- **Directions for this task**:
Copy each entry below exactly. No images.

********

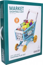 Dziecięcy wózek zakupowy z bogatym zestawem akcesoriów ucieszy wszystkich małych sprzedawców. W komplecie znajduje się 56 sztuk produktów spożywczych oraz ilustrowana instrukcja ułatwiająca montaż. Stabilne wykonanie i wymiary 40 × 24,5 × 44 cm są idealne do dziecięcej zabawy w domu i w podróży.
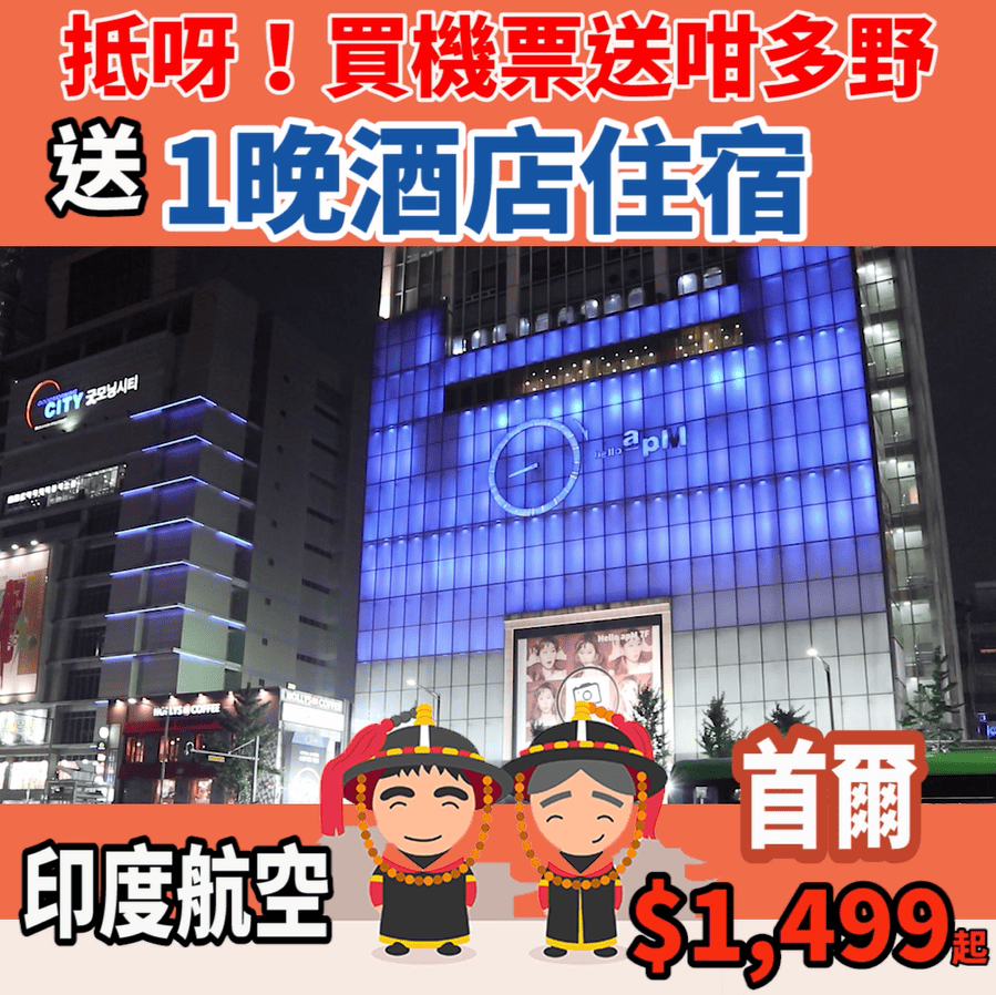印度航空香港飛首爾來回只需$1,499起,連稅$2,034起
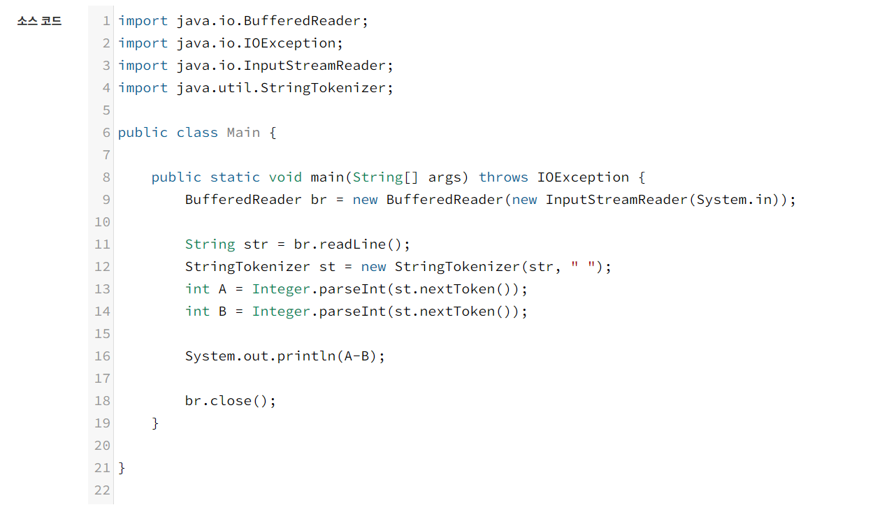 이번 문제는 저번 문제와 같이 두 숫자 값을 입력받아 계산값을 내는 동일 유형의 문제인데, 저번 포스팅에서는 간단하게 Scanner를 이용해서 풀어봤지만 이번에는 저번에 참고하겠다고 첨부했던 포스팅을 보고 BufferedReader와 StringTokenizer를 이용해서 풀어봤다.
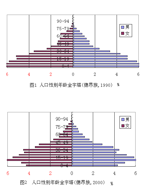 從各年齡段的人口比例看,少年兒童人口(0-14歲)比重為31.69%,勞動年齡人口(15-64歲)比重為64.11%,老年人口(65歲及以上)占4.20%,與1990年相比,少年兒童人口比重下降了9.90個百分點,勞動年齡人口比重和老年人口比重分別增加了9.89和0.01個百分點。1990年和2000年德昂族人口的性別年齡結構如圖1和圖2所示。
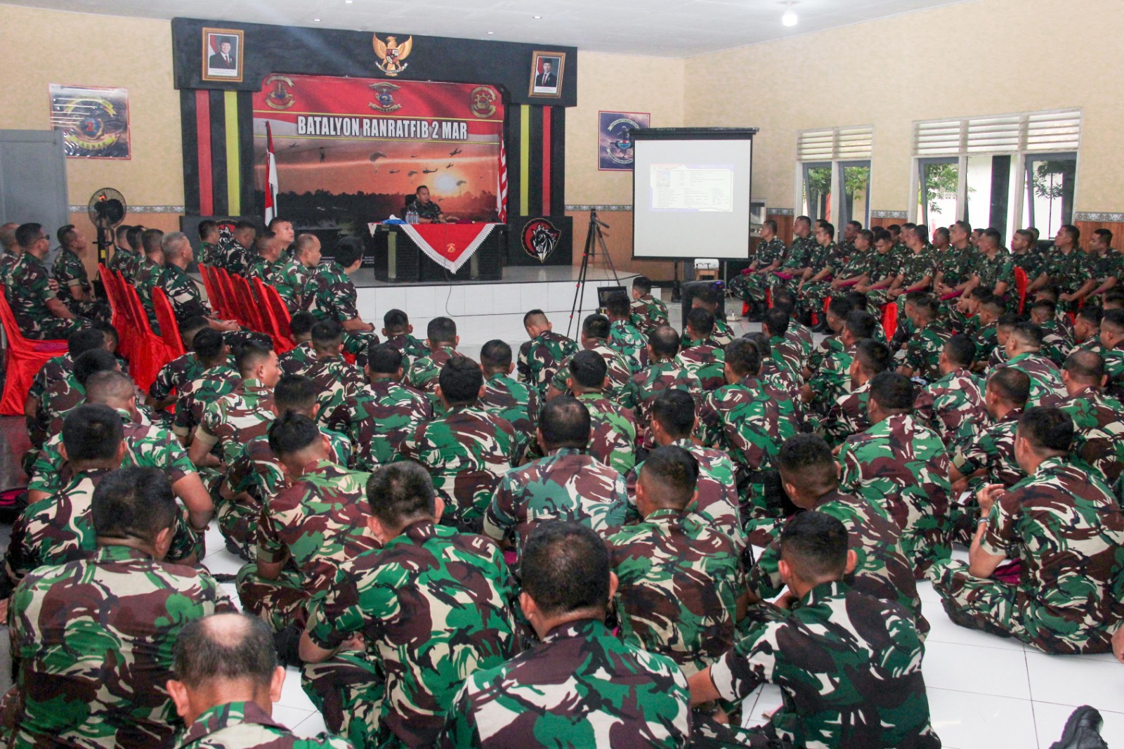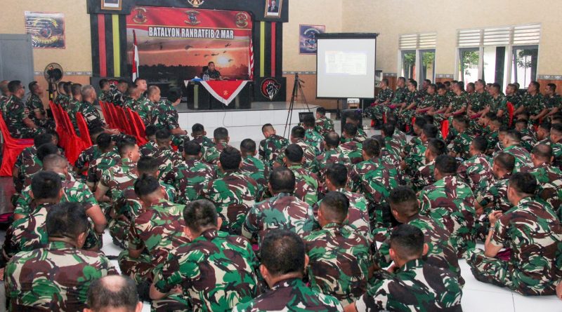 Surabaya, Mengawali langkah awal kepemimpinan, Komandan Resimen Kavaleri 2 Marinir Letkol Mar Iwan Permana, S.H., M.Tr.Hanla. melaksanakan kegiatan entry briefing kepada seluruh prajurit dan PNS beserta prajurit yang tergabung penugasan di wilayah ambalat, pulau terluar dan Satgas Pamwal Mabes TNI secara Vicon di Balai Prajurit Aris Haryanto Yonranratfib 2 Mar, Kesatrian Marinir Soepraptono, Semarung Ujung Surabaya. Selasa (30/12/2025).

********

- **Finished exercise**:
 Dziecięcy wózek zakupowy z bogatym zestawem akcesoriów ucieszy wszystkich małych sprzedawców. W komplecie znajduje się 56 sztuk produktów spożywczych oraz ilustrowana instrukcja ułatwiająca montaż. Stabilne wykonanie i wymiary 40 × 24,5 × 44 cm są idealne do dziecięcej zabawy w domu i w podróży.
印度航空香港飛首爾來回只需$1,499起,連稅$2,034起
 이번 문제는 저번 문제와 같이 두 숫자 값을 입력받아 계산값을 내는 동일 유형의 문제인데, 저번 포스팅에서는 간단하게 Scanner를 이용해서 풀어봤지만 이번에는 저번에 참고하겠다고 첨부했던 포스팅을 보고 BufferedReader와 StringTokenizer를 이용해서 풀어봤다.
 從各年齡段的人口比例看,少年兒童人口(0-14歲)比重為31.69%,勞動年齡人口(15-64歲)比重為64.11%,老年人口(65歲及以上)占4.20%,與1990年相比,少年兒童人口比重下降了9.90個百分點,勞動年齡人口比重和老年人口比重分別增加了9.89和0.01個百分點。1990年和2000年德昂族人口的性別年齡結構如圖1和圖2所示。
 Surabaya, Mengawali langkah awal kepemimpinan, Komandan Resimen Kavaleri 2 Marinir Letkol Mar Iwan Permana, S.H., M.Tr.Hanla. melaksanakan kegiatan entry briefing kepada seluruh prajurit dan PNS beserta prajurit yang tergabung penugasan di wilayah ambalat, pulau terluar dan Satgas Pamwal Mabes TNI secara Vicon di Balai Prajurit Aris Haryanto Yonranratfib 2 Mar, Kesatrian Marinir Soepraptono, Semarung Ujung Surabaya. Selasa (30/12/2025).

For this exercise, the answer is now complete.